** Stored entries **
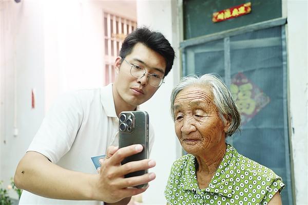 在淮陽區(qū)王店街道祝寨村,返鄉(xiāng)大學生周宏領(lǐng)為老人完善身份信息。近日,淮陽區(qū)開展80歲以上老人津貼系統(tǒng)信息更新工作,為確保政策精準落實,老人需提供最新身份信息。
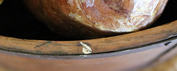 Slight separation has occurred referring to the bottom section that no longer is a tight fit for the side walls. There are no chips or cracks to report and the rich patina is outstanding.
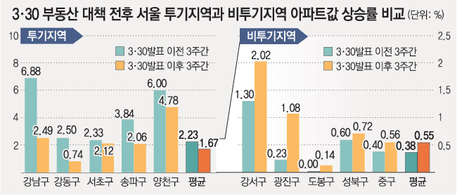 부동산정보업체인 스피드뱅크에 따르면 강남 서초 송파구 등 서울시내 14개 투기지역 아파트값은 3·30대책 발표 전 3주 동안(3월 12∼29일) 2.23% 올랐으나, 대책 후 3주 동안(4월 2∼22일)은 1.67% 오르는 데 그쳤다.
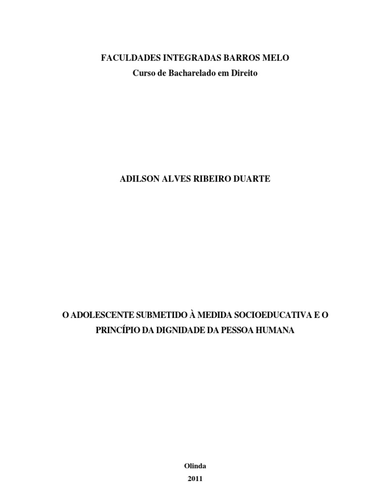 9 possibilidade de um enriquecimento fcil e sem causa, como a devoluo de dinheiro ou bens que tenha encontrado. Isso o mnimo que se espera de uma pessoa digna. Assim sendo, haver adultos que tenham valores inconsistentes e que os projetem sobre as geraes posteriores, relativizando o conceito de dignidade; haver no seio familiar uma noo muito pobre, quando h, de dignidade; haver na tutela do Estado sobre menores uma consistente negativa dignidade dos mesmos, a despeito dos preceitos normativos que deveriam comandar o trato entre os agentes do Estado e os tutelados; enfim, haver quem negue direta ou veladamente a condio de ser humano a uma criana ou adolescente, provoca a necessidade de se burilar o assunto, a fim de se ter algum elemento com que se possa contraargumentar com a sociedade em todas as suas esferas, para da tirar algo que recaia sobre as crianas e adolescentes como um manto de respeito. A produo deste trabalho se deu a partir da pesquisa de bibliografias em torno do tema e de decises judiciais, em particular as da 3 Vara da Infncia e Juventude do Recife. A pesquisa bibliogrfica foi focada nos escritos sobre a relao da criana e o adolescente com o Estado, com a sociedade e com seu meio, sua autopercepo enquanto ser social e a abordagem multivariada do tema e sobre o Estatuto da Criana e do Adolescente. A pesquisa documental cumpriu etapas previamente estabelecidas e necessrias legitimidade da mesma. Nesse sentido, foi feito contato prvio com a 3 Vara da Infncia e Juventude do Recife, seguido de solicitao formal de acesso aos autos acompanhada de Termo de Responsabilidade e Confiabilidade, os quais foram submetido apreciao do Ministrio Pblico, o qual no se ops, culminando com a autorizao do Juzo e o apoio dos serventurios da justia. Aps o cumprimento dessas etapas prvias, procuramos focar nossa pesquisa, subsidiada por formulrio prprio, em processos cujos resultados fossem pela aplicao de medidas socioeducativa de semiliberdade e internao, permitindo-nos apreciar processos outros que, por suas caractersticas, nos fornecessem elementos passveis de serem apreciados.
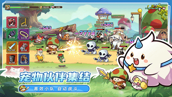 3、不用一直手动操作,小蘑菇会自动打怪、刷资源、升级拿奖励,就算离线也不会停止成长;
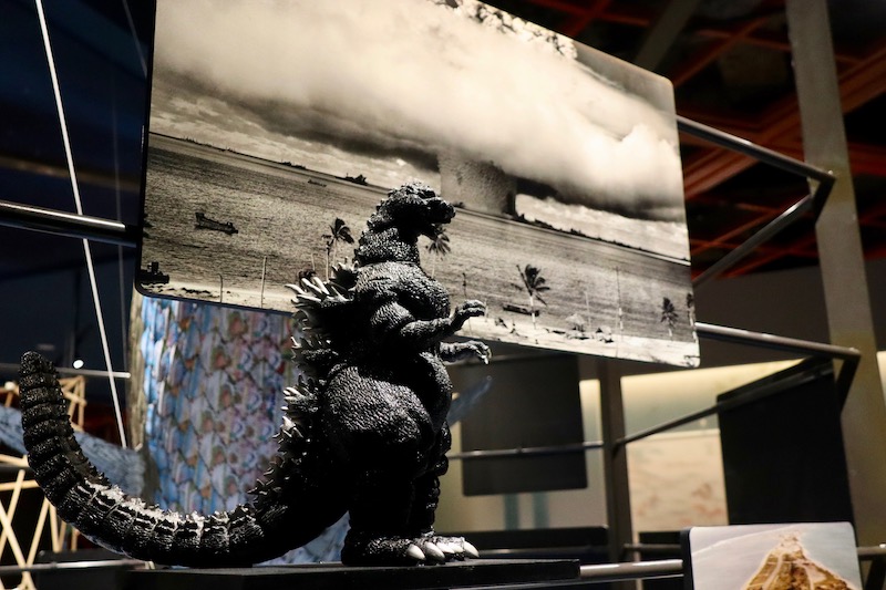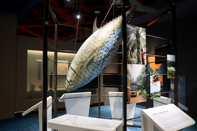 Through the artwork “Sashimi" by Amis artist Chih-Ming, Fan, which is made from tuna cans, the exhibition conveys the issues of depleted marine resources and the drastic changes experienced by indigenous communities due to global capitalism and industrial development. It also highlights the haze and ecological imbalance caused by the palm oil industry in Southeast Asia, shedding light on the extensive environmental damage caused by multinational corporate products. The exhibition brings attention to the dark side of global development, including the Pacific garbage patch. The exhibition also addresses the looming crises of extreme climate events and rising sea levels. By showcasing a Godzilla monster model representing radioactive pollution, the exhibition reveals the suffering imposed on Austronesian communities, such as the nuclear waste storage in Orchid Island and nuclear testing conducted by Western countries in Pacific islands. This emphasizes the urgent need for discussions and changes regarding climate and environmental justice.
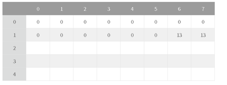 [1.6]인 경우에는 이제 1번 물건을 넣을 수 있으므로 DP[1, 6] = 13이 된다
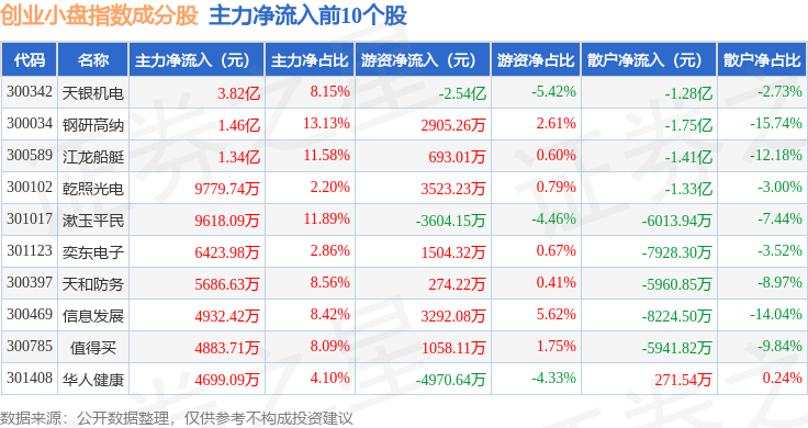资金流向方面,创业小盘(399020)指数成份股当日主力资金净流出合计5.65亿元,游资资金净流出合计6.44亿元,散户资金净流入合计12.08亿元。成份股资金流向详情见下表:
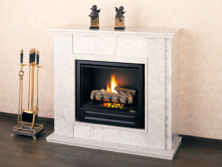 見た目にも本物の暖炉と変わらない美しさ、ガスを使った暖房効率、使い勝手のよさが自慢です。
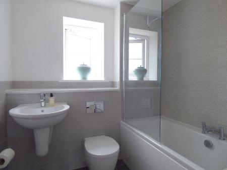 Fitted with a white suite comprising a low level WC, wash hand basin, panelled bath with mixer tap and thermostatic controlled shower over.  Inset LED spot lights, ceiling mounted extractor fan and wall mounted heated towel rail.  Splash backs and floor in complementary tiling.
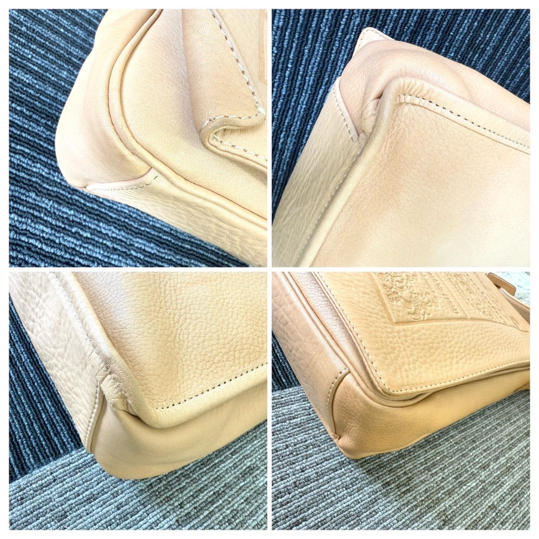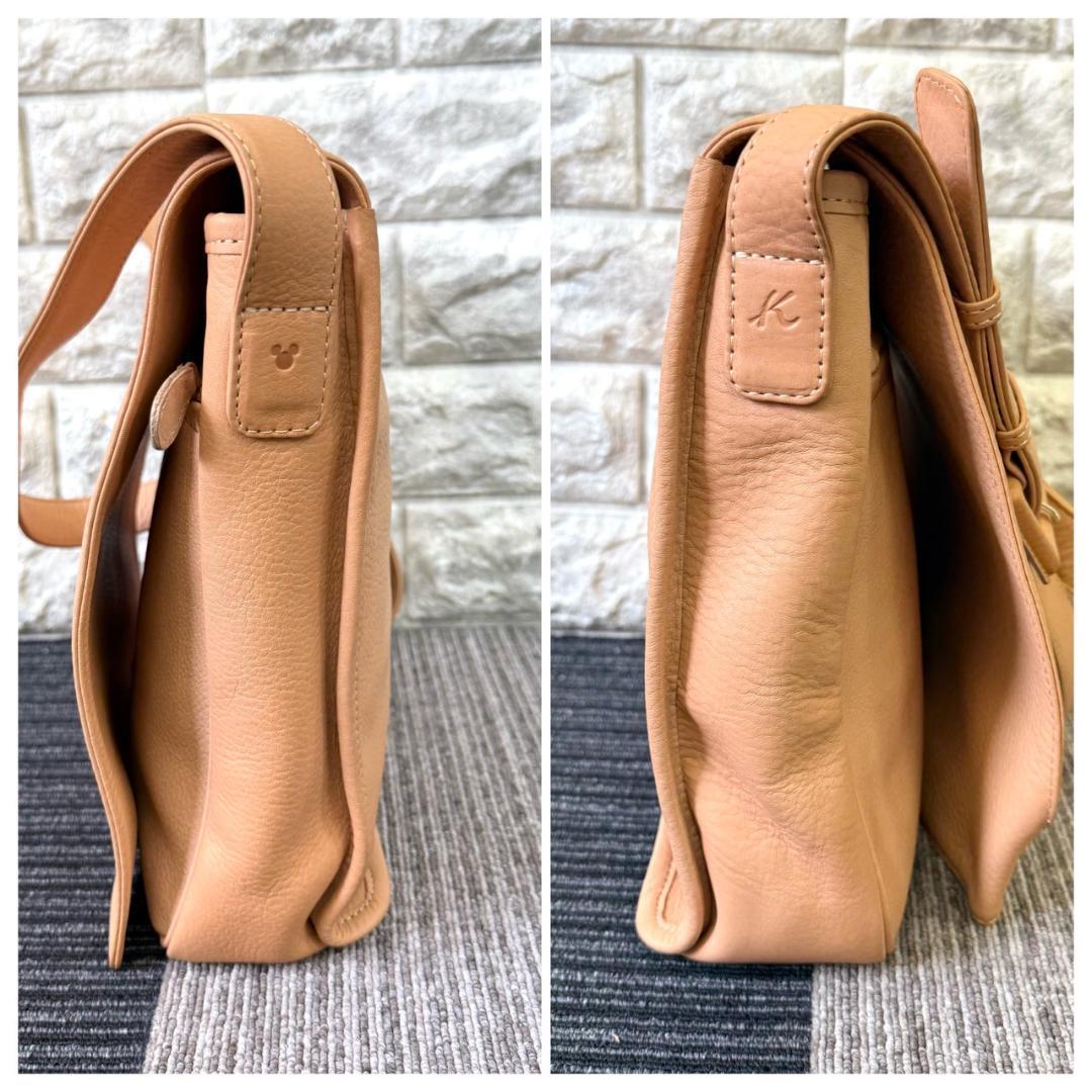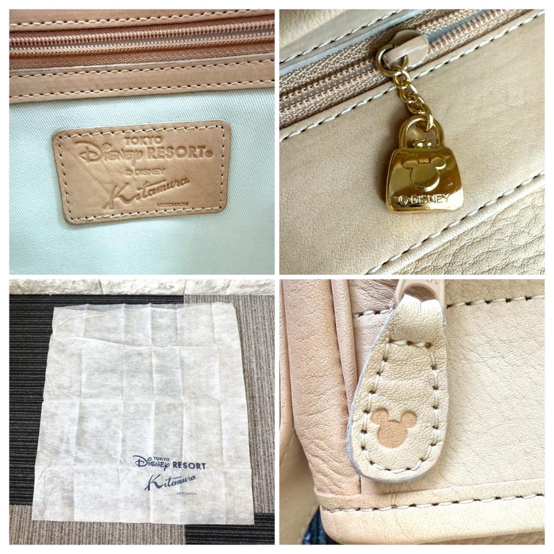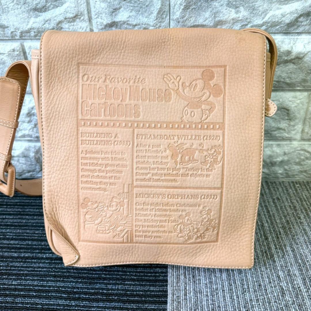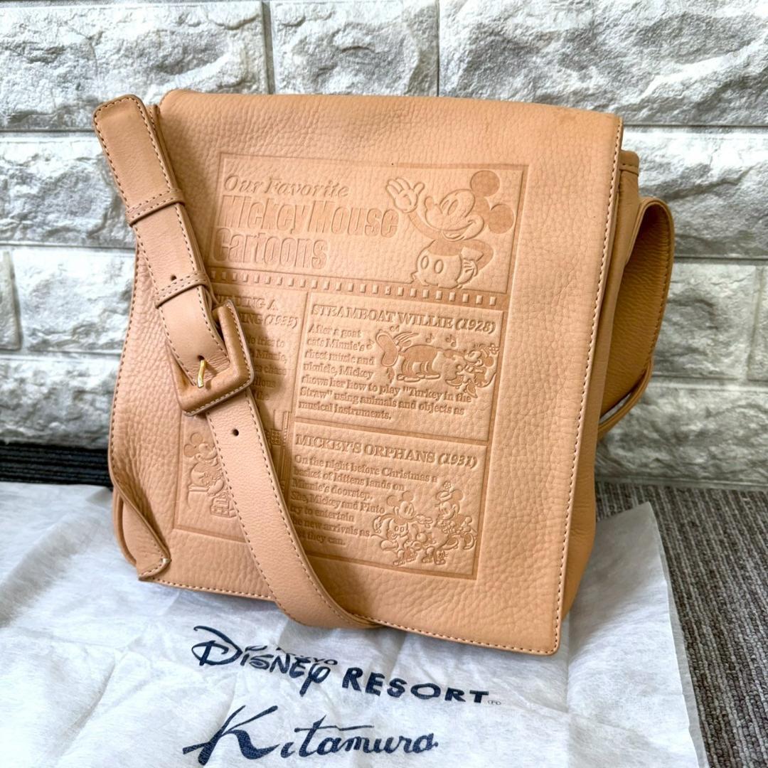 ディズニーリゾート限定、キタムラとのコラボショルダーバッグです。上質なベージュレザーにミッキーマウスのクラシックカートゥーンデザインを型押しした遊び心あるデザイン。A4対応サイズで収納力もあり、普段使いからお出かけまで幅広く活躍します。
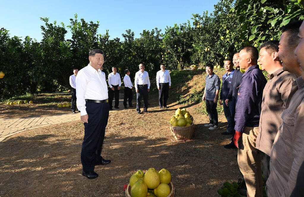 立冬时节,正是柚子成熟期。金灿灿的柚子压弯了枝头。总书记沿着果林小道边走边看,观长势、话树龄、问收成。林子深处,他遇到一群果农。
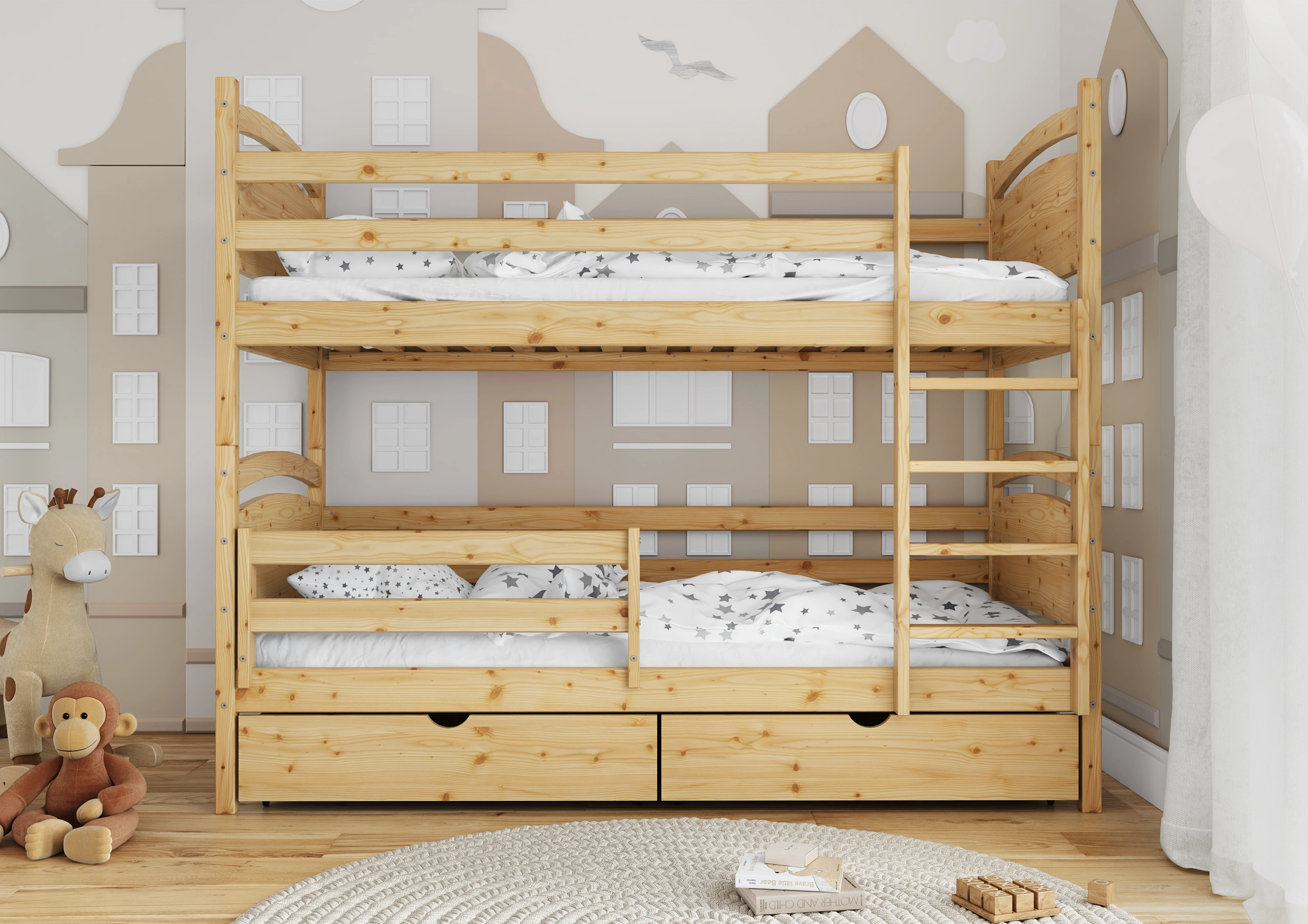 Čo môže byť krajšie ako pokojný spánok dieťaťa? Pokojný spánok dieťaťa v jedinečnej posteli, ktorá sa stane jeho vysnívanou herňou a oddychovou zónou! To všetko poskytuje malým princeznám naša poschodová posteľ Monika, ktorú sme právom vyhlásili za najkrajšiu dámu spomedzi všetkých poschodových postelí v našom obchode. Je to model navrhnutý s výnimočným dôrazom na detail, s jemne zaoblenou opierkou hlavy a nápadnými, robustnými bezpečnostnými zábranami, ktoré chránia dievčatá pred pádom počas spánku.

** Required action **
Your task is to restate every record word for word. Omit all pictures.

** Response **
 在淮陽區(qū)王店街道祝寨村,返鄉(xiāng)大學生周宏領(lǐng)為老人完善身份信息。近日,淮陽區(qū)開展80歲以上老人津貼系統(tǒng)信息更新工作,為確保政策精準落實,老人需提供最新身份信息。
 Slight separation has occurred referring to the bottom section that no longer is a tight fit for the side walls. There are no chips or cracks to report and the rich patina is outstanding.
 부동산정보업체인 스피드뱅크에 따르면 강남 서초 송파구 등 서울시내 14개 투기지역 아파트값은 3·30대책 발표 전 3주 동안(3월 12∼29일) 2.23% 올랐으나, 대책 후 3주 동안(4월 2∼22일)은 1.67% 오르는 데 그쳤다.
 9 possibilidade de um enriquecimento fcil e sem causa, como a devoluo de dinheiro ou bens que tenha encontrado. Isso o mnimo que se espera de uma pessoa digna. Assim sendo, haver adultos que tenham valores inconsistentes e que os projetem sobre as geraes posteriores, relativizando o conceito de dignidade; haver no seio familiar uma noo muito pobre, quando h, de dignidade; haver na tutela do Estado sobre menores uma consistente negativa dignidade dos mesmos, a despeito dos preceitos normativos que deveriam comandar o trato entre os agentes do Estado e os tutelados; enfim, haver quem negue direta ou veladamente a condio de ser humano a uma criana ou adolescente, provoca a necessidade de se burilar o assunto, a fim de se ter algum elemento com que se possa contraargumentar com a sociedade em todas as suas esferas, para da tirar algo que recaia sobre as crianas e adolescentes como um manto de respeito. A produo deste trabalho se deu a partir da pesquisa de bibliografias em torno do tema e de decises judiciais, em particular as da 3 Vara da Infncia e Juventude do Recife. A pesquisa bibliogrfica foi focada nos escritos sobre a relao da criana e o adolescente com o Estado, com a sociedade e com seu meio, sua autopercepo enquanto ser social e a abordagem multivariada do tema e sobre o Estatuto da Criana e do Adolescente. A pesquisa documental cumpriu etapas previamente estabelecidas e necessrias legitimidade da mesma. Nesse sentido, foi feito contato prvio com a 3 Vara da Infncia e Juventude do Recife, seguido de solicitao formal de acesso aos autos acompanhada de Termo de Responsabilidade e Confiabilidade, os quais foram submetido apreciao do Ministrio Pblico, o qual no se ops, culminando com a autorizao do Juzo e o apoio dos serventurios da justia. Aps o cumprimento dessas etapas prvias, procuramos focar nossa pesquisa, subsidiada por formulrio prprio, em processos cujos resultados fossem pela aplicao de medidas socioeducativa de semiliberdade e internao, permitindo-nos apreciar processos outros que, por suas caractersticas, nos fornecessem elementos passveis de serem apreciados.
 3、不用一直手动操作,小蘑菇会自动打怪、刷资源、升级拿奖励,就算离线也不会停止成长;
 Through the artwork “Sashimi" by Amis artist Chih-Ming, Fan, which is made from tuna cans, the exhibition conveys the issues of depleted marine resources and the drastic changes experienced by indigenous communities due to global capitalism and industrial development. It also highlights the haze and ecological imbalance caused by the palm oil industry in Southeast Asia, shedding light on the extensive environmental damage caused by multinational corporate products. The exhibition brings attention to the dark side of global development, including the Pacific garbage patch. The exhibition also addresses the looming crises of extreme climate events and rising sea levels. By showcasing a Godzilla monster model representing radioactive pollution, the exhibition reveals the suffering imposed on Austronesian communities, such as the nuclear waste storage in Orchid Island and nuclear testing conducted by Western countries in Pacific islands. This emphasizes the urgent need for discussions and changes regarding climate and environmental justice.
 [1.6]인 경우에는 이제 1번 물건을 넣을 수 있으므로 DP[1, 6] = 13이 된다
资金流向方面,创业小盘(399020)指数成份股当日主力资金净流出合计5.65亿元,游资资金净流出合计6.44亿元,散户资金净流入合计12.08亿元。成份股资金流向详情见下表:
 見た目にも本物の暖炉と変わらない美しさ、ガスを使った暖房効率、使い勝手のよさが自慢です。
 Fitted with a white suite comprising a low level WC, wash hand basin, panelled bath with mixer tap and thermostatic controlled shower over.  Inset LED spot lights, ceiling mounted extractor fan and wall mounted heated towel rail.  Splash backs and floor in complementary tiling.
 ディズニーリゾート限定、キタムラとのコラボショルダーバッグです。上質なベージュレザーにミッキーマウスのクラシックカートゥーンデザインを型押しした遊び心あるデザイン。A4対応サイズで収納力もあり、普段使いからお出かけまで幅広く活躍します。
 立冬时节,正是柚子成熟期。金灿灿的柚子压弯了枝头。总书记沿着果林小道边走边看,观长势、话树龄、问收成。林子深处,他遇到一群果农。
 Čo môže byť krajšie ako pokojný spánok dieťaťa? Pokojný spánok dieťaťa v jedinečnej posteli, ktorá sa stane jeho vysnívanou herňou a oddychovou zónou! To všetko poskytuje malým princeznám naša poschodová posteľ Monika, ktorú sme právom vyhlásili za najkrajšiu dámu spomedzi všetkých poschodových postelí v našom obchode. Je to model navrhnutý s výnimočným dôrazom na detail, s jemne zaoblenou opierkou hlavy a nápadnými, robustnými bezpečnostnými zábranami, ktoré chránia dievčatá pred pádom počas spánku.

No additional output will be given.